» The data:

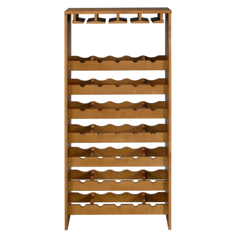 This wine rack, adorned with a warm oak finish, infuses elegance and natural beauty into your space with seven racks capable of storing up to 35 bottles of wine. Additionally, it comes equipped with four stemware racks for hanging and displaying wine glasses, presenting a compact and space-efficient solution perfect for small apartments, kitchens, or dining areas.
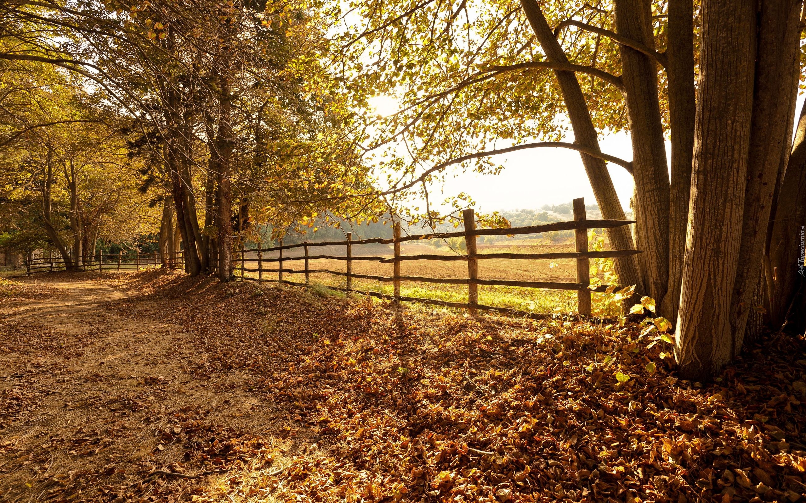 Edytor tapety: Opadłe liście pod drzewami i ogrodzeniem
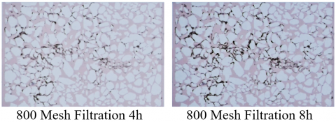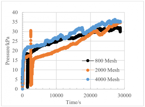 The large particle (800 Mesh) system shows pressure fluctuations at the initial stage of the experiment. This is because the filtration chip is pre-filled with dyed liquid during pre-treatment, and the liquid needs a certain initial driving force to begin filtering in the capillaries of the filtration pores. After this, the curve rises at a relatively steady rate, with a clear pressure inflection point marking the initial filtration point. In the 0-25 minute period, the initial filtration points for the 800 Mesh, 2000 Mesh, and 4000 Mesh experiments were 18 kPa, 16 kPa, and 22 kPa, respectively. As time progresses, after 4 hours, the pressures in all three experiments increase to 1.5 times the initial filtration point. After that, the slope of the pressure curve increases, and the pressure rises more rapidly due to clogging within the system, leading to reduced filtration permeability. At the end of the experiment, the pressure in the large particle system stabilizes, and the filtration clogging reaches stability. In contrast, the medium and small particle groups continue to experience rising pressure, exceeding 1.5 times the initial filtration point, indicating that filtration and clogging are still ongoing.
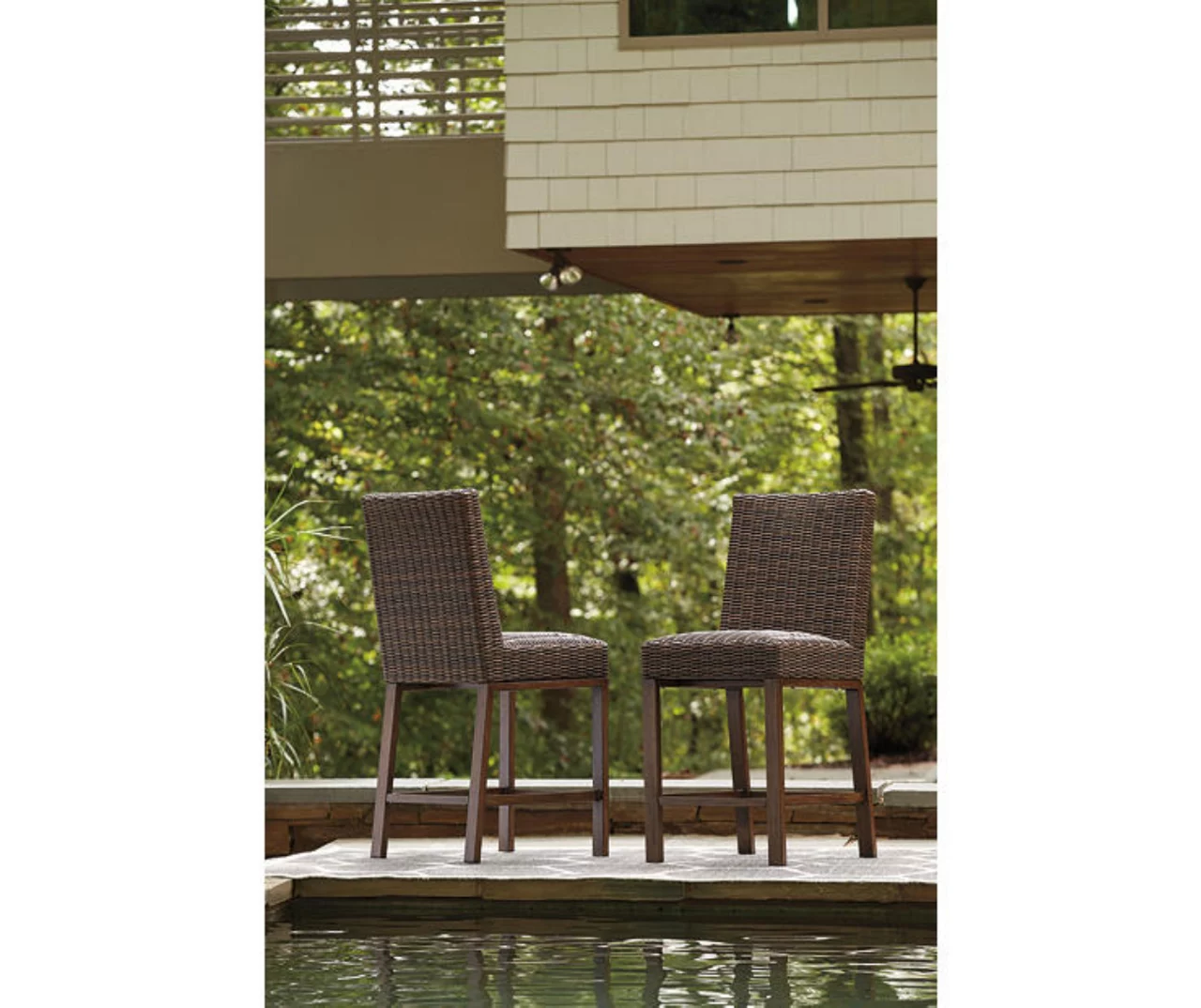 - Includes 2 outdoor bar stools
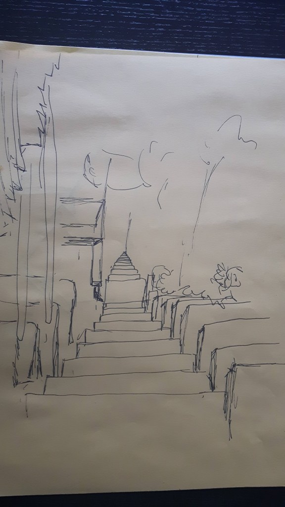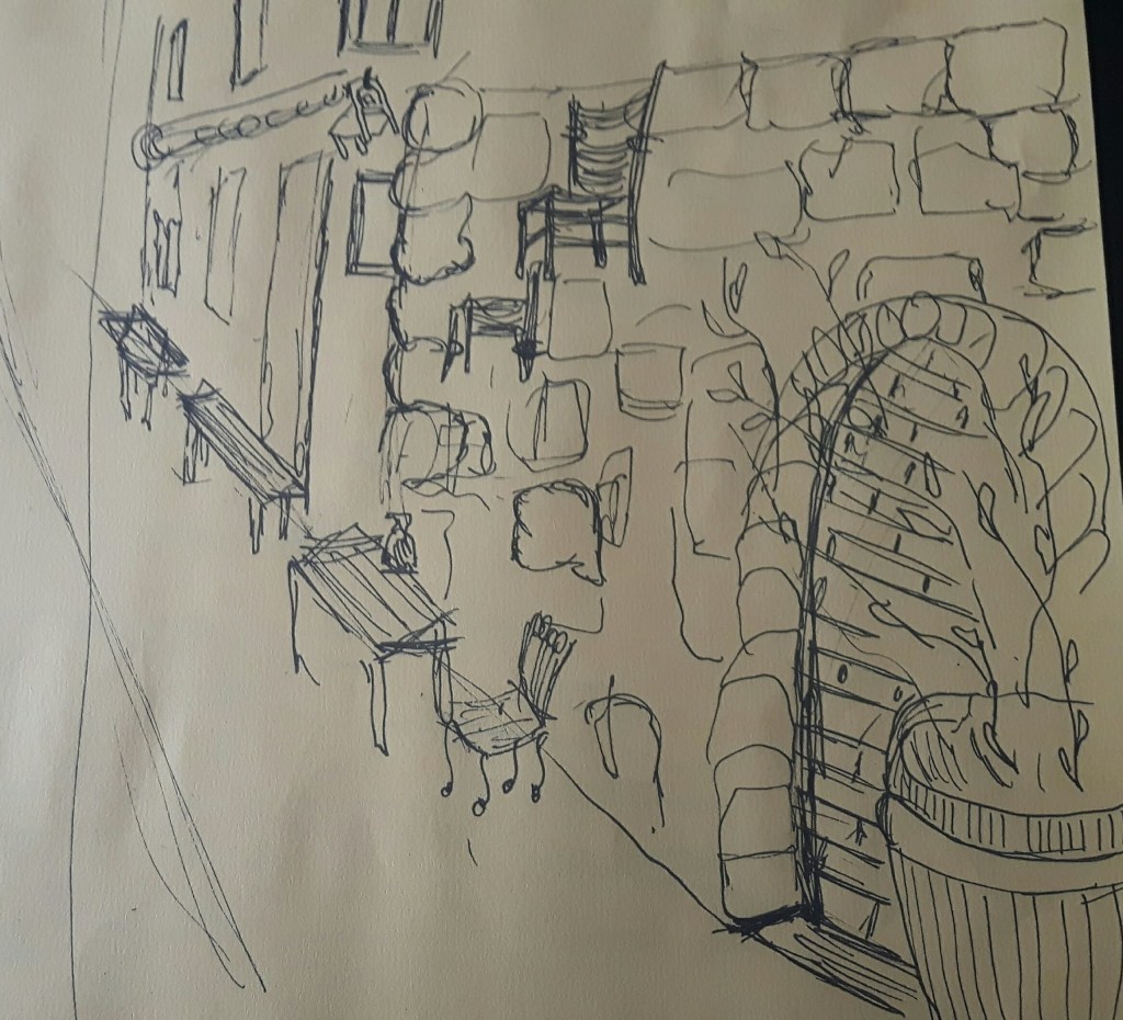 The cottage above was quite old, also this sketch lacks a bit of depth. The small bushes next to the path were almost black on the second one as dusk came soon and that time of a day the background had a sharp silhouette that I could not really catch well but didn’t want to rub out. On the third one, the light comes from left what I tried to indicate with yellowish smear marks on the ground. The fourth one..well, I know that is a bit far from the original exercise (also a bit overworked for this part) but she was there and that was an offer I can’t refuse…
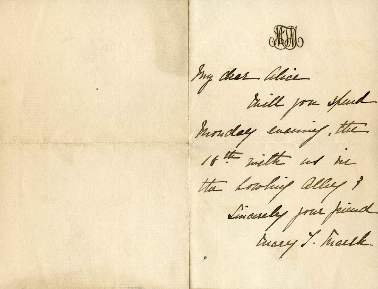 My dear Alice, Will you spend Monday evening, the 16th with us in the Bowling Alley? Sincerely your friend, Mary T. Welch.
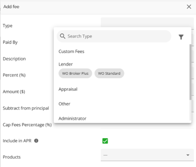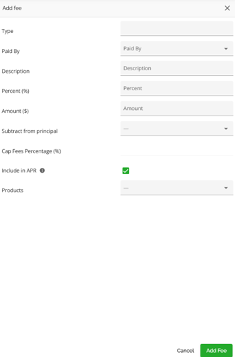 - Default fees will be applied based on how they are configured in the Manager Portal. There are some algorithms in particular with respect to the Product, Credit Tier, Term type and Purpose fields that determine how the system identifies which default fees to apply at ingestion, product selection, and product change.
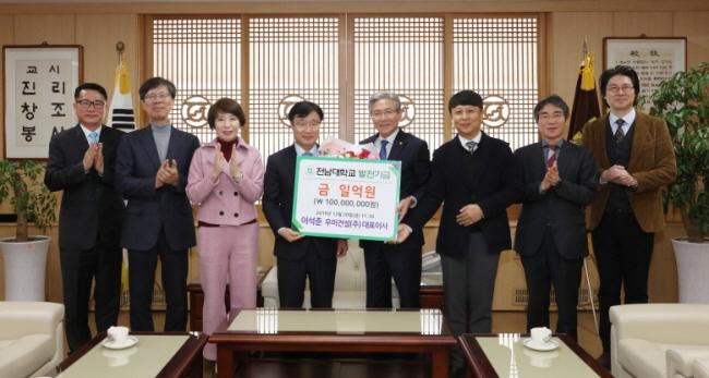 [È£³²´º½º¶óÀÎ = ¼ÀºÈ« ±âÀÚ] Àü³²´ëÇб³´Â ¿ì¹Ì°Ç¼³ À̼®ÁØ ´ëÇ¥°¡ Áö³ 12¿ù 20ÀÏ 1¾ï ¿øÀÇ ´ëÇйßÀü±â±ÝÀ» ±âŹÇß´Ù°í ¸»Çß´Ù.
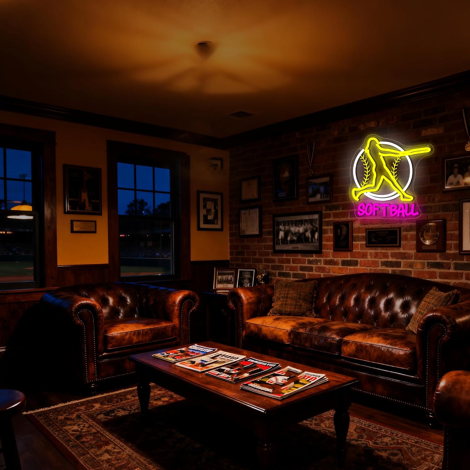 • Unique Design: Softball neon sign showcases a dynamic softball player silhouette with a bat, set against a softball graphic. The bold softball lettering and sporty elements create an energetic and athletic look. Softball enthusiasts and those into sporty decor will be instantly drawn to it. It’s ideal as softball wall art to bring a lively, competitive softball vibe to spaces like sports bars, softball clubs.
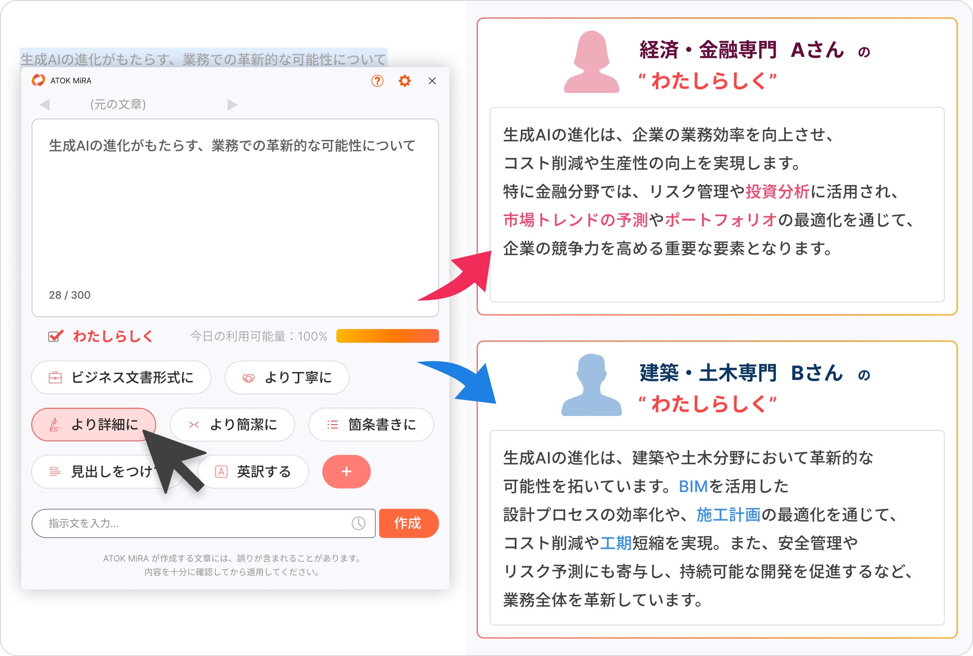 「ATOK MiRA(My Intelligent Rewrite Assistant)」は、ATOKの「日本語処理技術」と「個人の入力傾向・設定」に生成AIを組み合わせることで、“わたしらしい”文章を提案します。日本語入力中に表示されるアシストアイコンから「ATOK MiRA」を呼び出し、「ビジネス文章形式に」「より詳細に」といった定型指示を選択するだけで、誰でも手軽に文章の推敲、要約はもちろんのこと、アイデア出しや文章の書き換えまでを行えます。
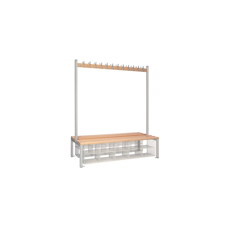 This double-sided seating island is an ideal choice for various settings such as schools, gyms and staff changing rooms. Constructed with durability in mind, its robust steel framework is powder-coated in an attractive grey shade, ensuring both strength and a visually appealing design. The slatted seat, crafted from hardwearing beech wood, offers comfort and support, making it the perfect furniture piece for any changing space.
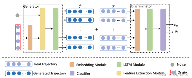 1、设计了一种基于生成对抗网络(GAN)的轨迹生成模型TrajGAN作为基准模型,该模型能够生成相似的轨迹;

» What is expected: Every line from the one with "The large particle (800" through the one with "- Default fees" is to be reproduced exactly as written above, and the pictures are to be dropped.

» Written answer:
 The large particle (800 Mesh) system shows pressure fluctuations at the initial stage of the experiment. This is because the filtration chip is pre-filled with dyed liquid during pre-treatment, and the liquid needs a certain initial driving force to begin filtering in the capillaries of the filtration pores. After this, the curve rises at a relatively steady rate, with a clear pressure inflection point marking the initial filtration point. In the 0-25 minute period, the initial filtration points for the 800 Mesh, 2000 Mesh, and 4000 Mesh experiments were 18 kPa, 16 kPa, and 22 kPa, respectively. As time progresses, after 4 hours, the pressures in all three experiments increase to 1.5 times the initial filtration point. After that, the slope of the pressure curve increases, and the pressure rises more rapidly due to clogging within the system, leading to reduced filtration permeability. At the end of the experiment, the pressure in the large particle system stabilizes, and the filtration clogging reaches stability. In contrast, the medium and small particle groups continue to experience rising pressure, exceeding 1.5 times the initial filtration point, indicating that filtration and clogging are still ongoing.
 - Includes 2 outdoor bar stools
 The cottage above was quite old, also this sketch lacks a bit of depth. The small bushes next to the path were almost black on the second one as dusk came soon and that time of a day the background had a sharp silhouette that I could not really catch well but didn’t want to rub out. On the third one, the light comes from left what I tried to indicate with yellowish smear marks on the ground. The fourth one..well, I know that is a bit far from the original exercise (also a bit overworked for this part) but she was there and that was an offer I can’t refuse…
 My dear Alice, Will you spend Monday evening, the 16th with us in the Bowling Alley? Sincerely your friend, Mary T. Welch.
 - Default fees will be applied based on how they are configured in the Manager Portal. There are some algorithms in particular with respect to the Product, Credit Tier, Term type and Purpose fields that determine how the system identifies which default fees to apply at ingestion, product selection, and product change.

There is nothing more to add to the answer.